JOSEPH CAMPBELL: I will participate in the game. It’s a wonderful, wonderful opera, except that it hurts. And that wonderful Irish saying, you know, “Is this a private fight, or can anybody get into it?” This is the way life is, and the hero is the one who can participate in it decently, in the way of nature, not in the way of personal rancor, revenge or anything of the kind.

Let me tell you one story here, of a samurai warrior, a Japanese warrior, who had the duty to avenge the murder of his overlord. And he actually, after some time, found and cornered the man who had murdered his overlord. And he was about to deal with him with his samurai sword, when this man in the corner, in the passion of terror, spat in his face. And the samurai sheathed the sword and walked away. Why did he do that?

BILL MOYERS: Why?

JOSEPH CAMPBELL: Because he was made angry, and if he had killed that man then, it would have been a personal act, of another kind of act, that’s not what he had come to do.

The samurai’s mission was not simply to kill the murderer, but to honor his master and fulfill his duty. Killing the murderer out of anger would not have fulfilled the intrinsic call of his duty.
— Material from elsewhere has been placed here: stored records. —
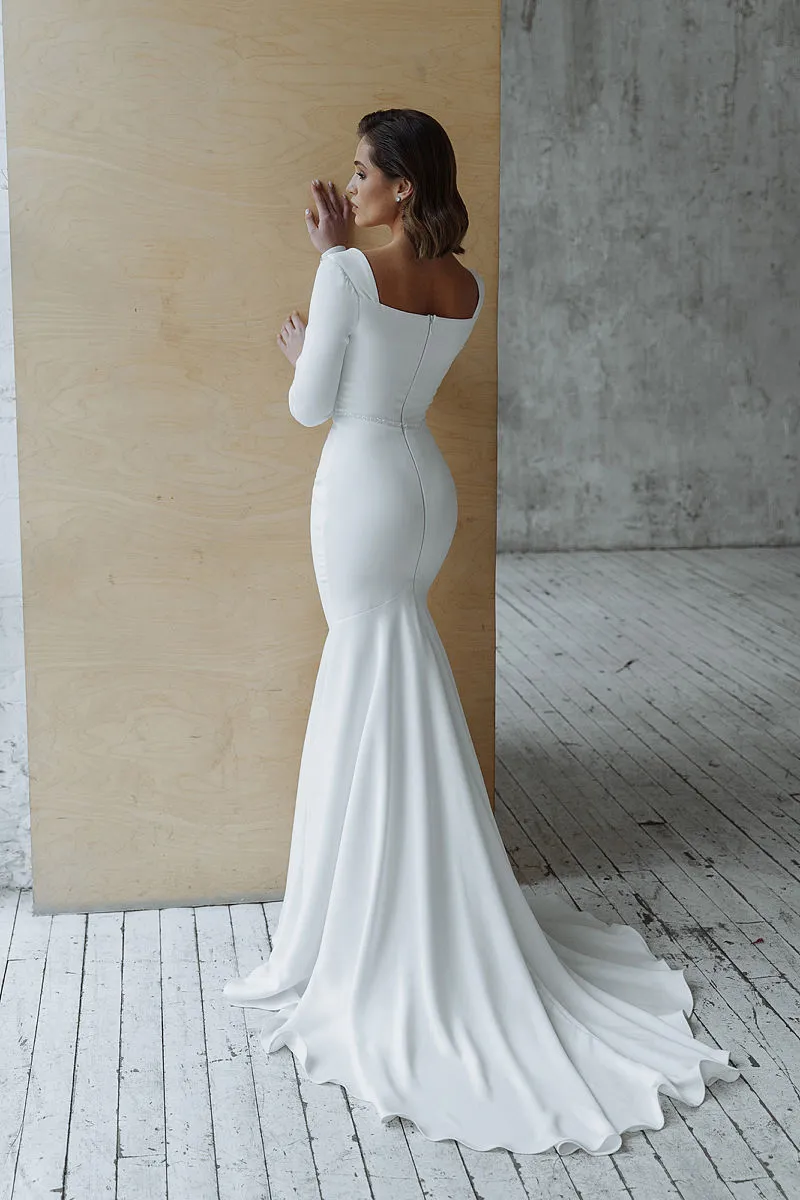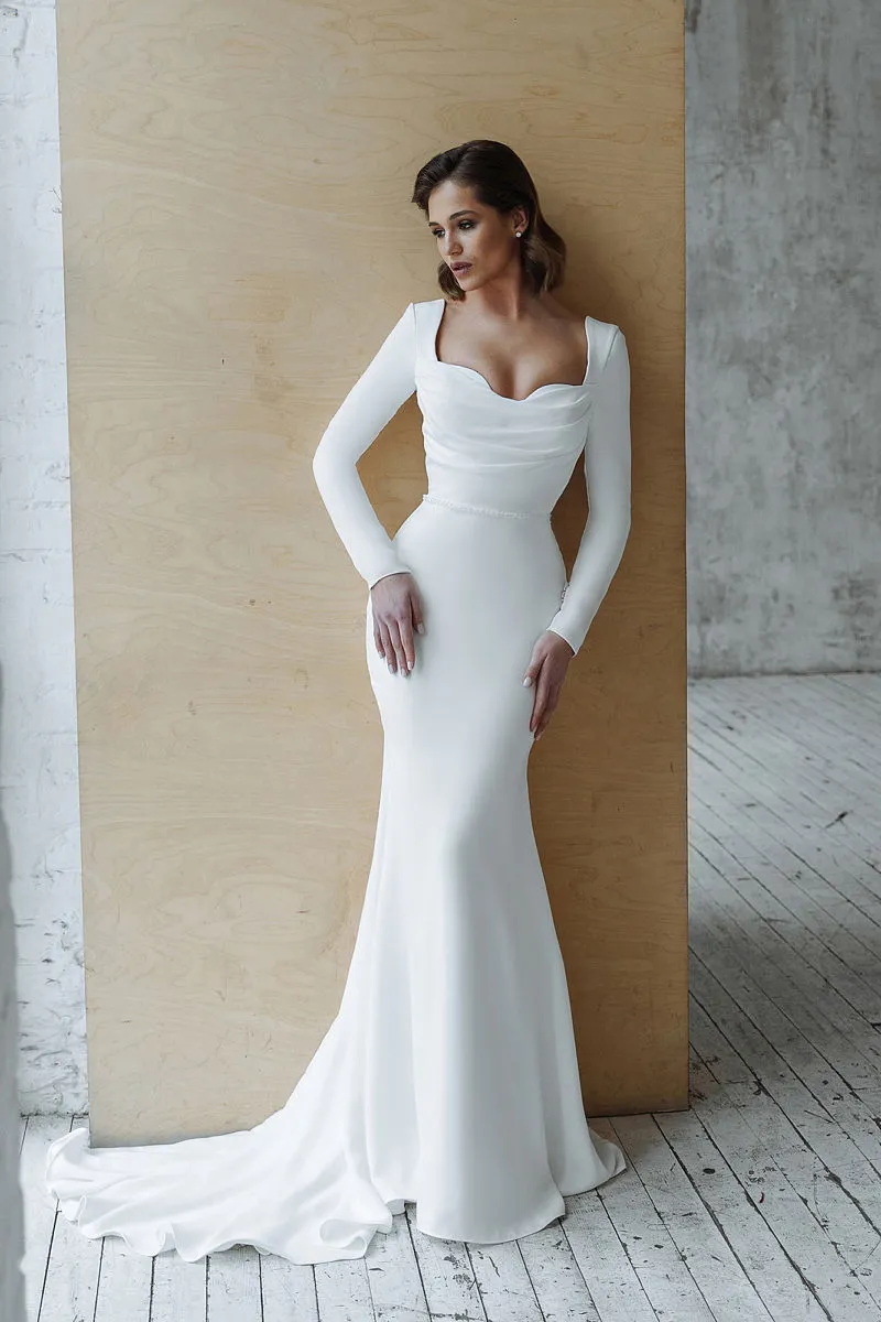 Modern White Satin Mermaid Wedding Dresses With Long Sleeves Simple Boho Garden Bridal Gowns Pleated Solid Sweep Train Reception Party Gowns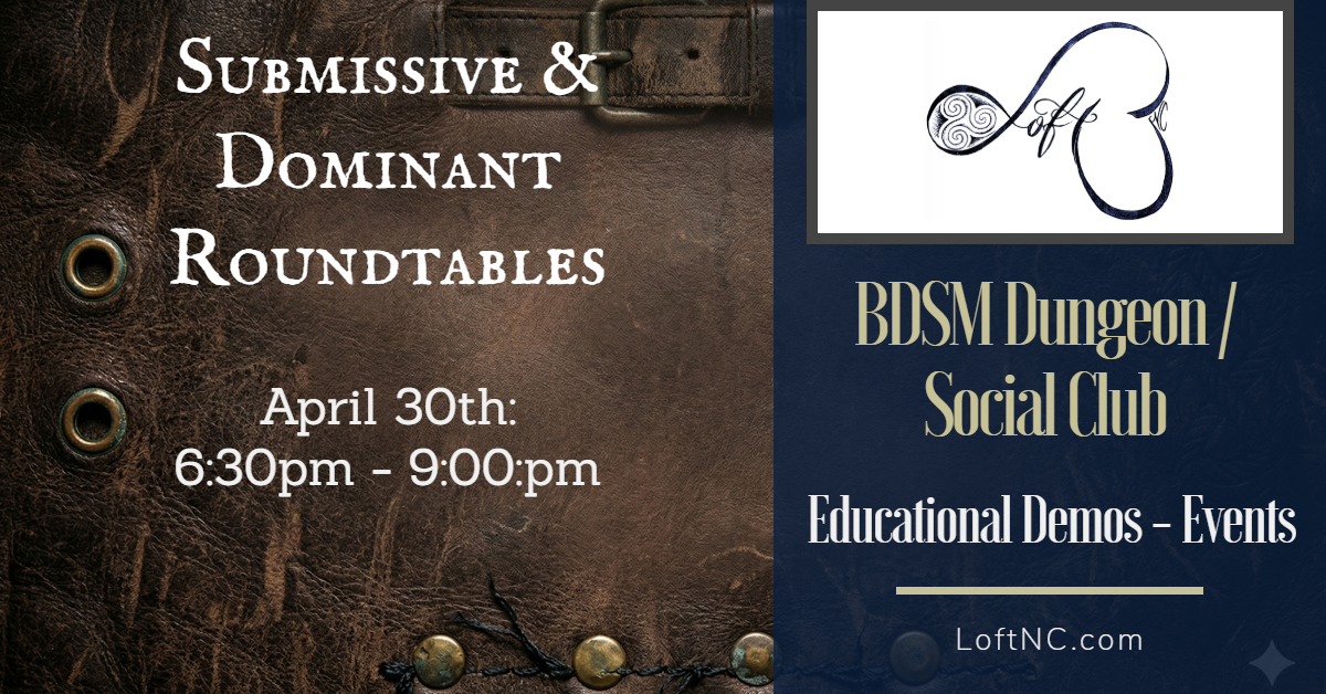 Come join the LoftNC submissive & dominant round tables meeting every last Thursday of the month for discussion topics for both sides of the slash.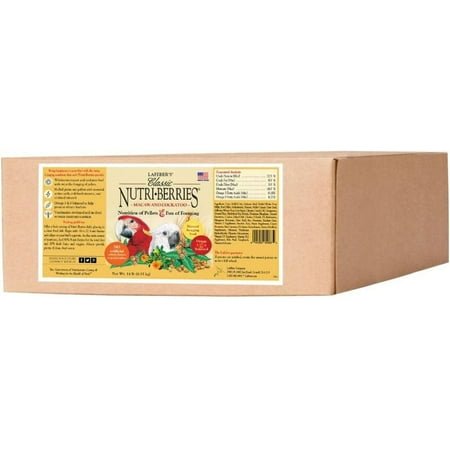 You know the way your macaw holds a walnut in his foot and relishes each bite he takes Or how your cockatoo waves her favorite treat around in her foot as if showing it off for all to see Imagine seeing your bird this happy over a nutritionally balanced food you can offer as a main diet or as a healthy treat. Macaw & Cockatoo Nutri-Berries are sized right to give your large bird something he can sink his beak into. The round, textured, berry shape is designed for your parrot to hold and pull apart to eat; a simple yet effective way to promote foot health and to offer a variety of beak and tongue sensations vital to his behavioral needs. The Lafeber difference is that weve perfected a way to nutritionally balance our foods without sacrificing taste and texture the way regular pellets do. Macaw & Cockatoo Nutri-Berries have all the essential vitamins and minerals, but instead of being ground up and put into a pellet form, the hulled seeds and grains are left whole. Macaw & Cockatoo Nutri-Berries also contain 16.5% pellets bound together with wholesome ingredients, and they are coated with chelated minerals for better absorption and stabilized vitamins for better longevity. Most of the seeds and grains in Nutri-Berries are kept whole because Dr. Lafeber discovered how to nutritionally balance them without grinding, and hulling them keeps the nutrition right where it belongs in every bite. We also balance the Omega 3 & 6 fatty acids to boost your birds immune system and to promote healthy skin and feathers. Our foods are naturally preserved and free of artificial colors, so you can feel good about offering them to your parrot. * All the Nutrition of Pellets with all the Benefits and Fun of Foraging * Omega 3&6 Fatty Acid Balanced * Non-GMO Formula * Made in the USA on the Lafeber Family Farm * Can be Offered as a complete Diet or as a Healthy Treat INGREDIENTS: Corn, Oat Groats, Hulled White Proso Millet, Red Millet, Peanut Splits, Maltodextrin, Hulled Canary Grass Seed, Safflower, Wheat, Soybean Meal, Corn Syrup, Corn Oil, Dicalcium Phosphate, Glycerin, Plant-Based Propylene Glycol, Ground Limestone, Gelatin, Dried Whole Egg, Iodized Salt, Canola Oil, Choline Chloride, DL-Methionine, Citric Acid (A Natural Preservative), Mixed Tocopherols For Freshness, Vitamin E Supplement, Ascorbic Acid, Niacin Supplement, Manganese Proteinate, Zinc Proteinate, Carotene, Calcium Pantothenate, Biotin, Riboflavin Supplement, Sodium Selenite, Pyridoxine Hydrochloride, Copper Proteinate, Thiamine Mononitrate, Vitamin B12 Supplement, Vitamin D3 Supplement, Natural Colors, Folic Acid.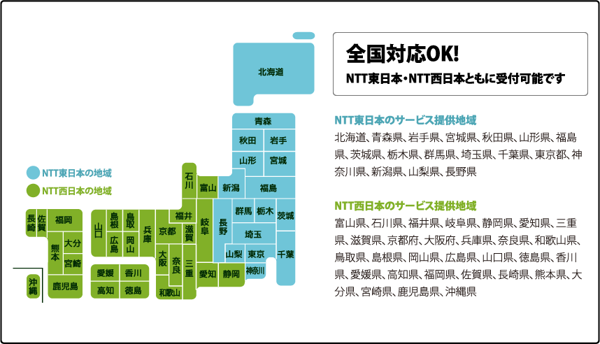 ※以下は2024年2月1日時点の情報です。NTT東日本・NTT西日本のサービス提供地域がご不明な点は公式サイトにてご確認ください。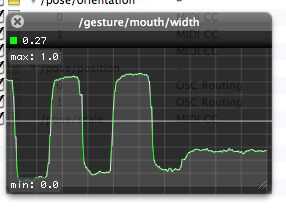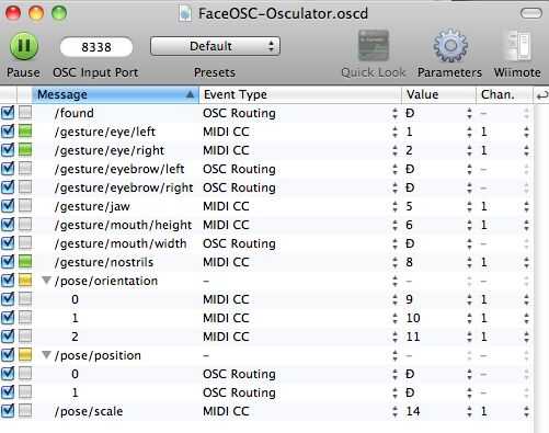 FaceOSC es una aplicación bastante simple (lamentablemente OSX 10.6 sólo) que rastrea tu rostro con tu webcam y envía mensajes de OSC a un puerto especificado. Podemos entonces leer en estos mensajes directamente en el proceso (en la nuevo puerto entrante) o volver a distribuirlos a través de un programa como Osculator a nuestro estándar Puerto entrante en el proceso. El beneficio de la encaminamiento a través de Osculator es que muy rápidamente puede representar cualquier señal que desee y averiguar de que rango de valores.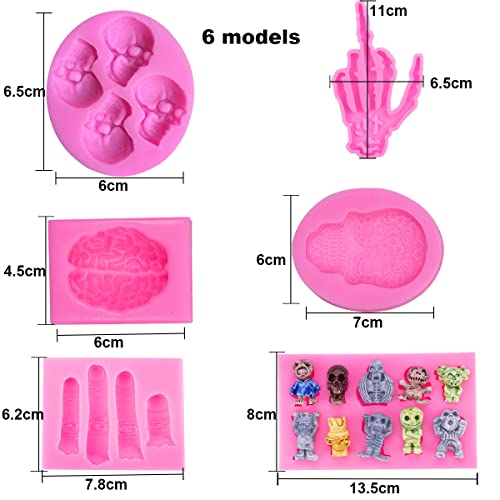ZOOMPIL Forma di Teschio Stampi in Silicone, Stampo Teschio 3D, Stampi per Cioccolatini in Silicone con Teschio, per fai da te, gelatina, teschio, cioccolato, decorazione di torte (6 pezzi)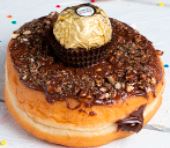 Dona premium con relleno de crema a base de chocolate, glaseado de chocolate con maní y dulce ferrero.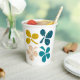 Lucky Clover Shamrock St Patrick`s day Party Paper Cup. Hand drawn four leaf lucky clovers in different colors.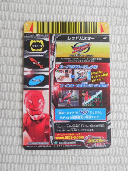 商品は、 映画 仮面ライダーフォーゼ THE MOVIE みんなで宇宙キターッ! 入場者特典 データカードダス スーパー戦隊バトル ダイスオーDX PRカード 特命戦隊ゴーバスターズ レッドバスター になります。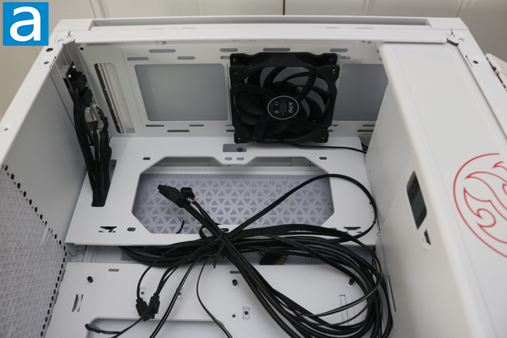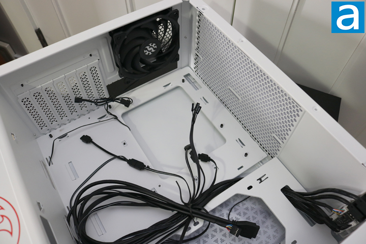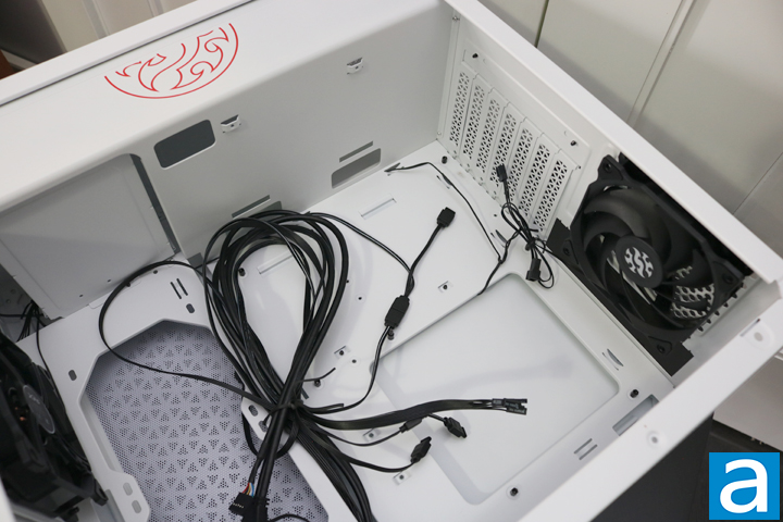 The white color scheme is continued inside the case, ensuring there is no strange contrast with the inside and outside of the case. The XPG Invader has built-in ARGB LEDs, and one thing having ARGB LEDs is the abundance of cables. It takes that much more effort to keep the wiring neat and clean. Among them are the standard USB 3.1 Type-A connector, audio block, and the small ones for power and reset buttons. There are also a few cables for the ARGB capabilities of this case, one of which is a LED light under the front intake. Otherwise, as you can see above, only two 120 mm fans are included.

To an observer, whether he killed the culprit motivated by honor or anger, it wouldn’t have mattered. The murderer would be dead either way.

But to the samurai, his own motivation made all the difference. He needed a crystal clear answer for why he was taking action, and a reactive response out of anger would not only be dishonorable, it would negate the reason for his quest.

You can choose your response. You can observe an unhelpful emotion take hold, but you don’t have to react. You always can choose to act in a way that honors the vision of the person you truly want to be.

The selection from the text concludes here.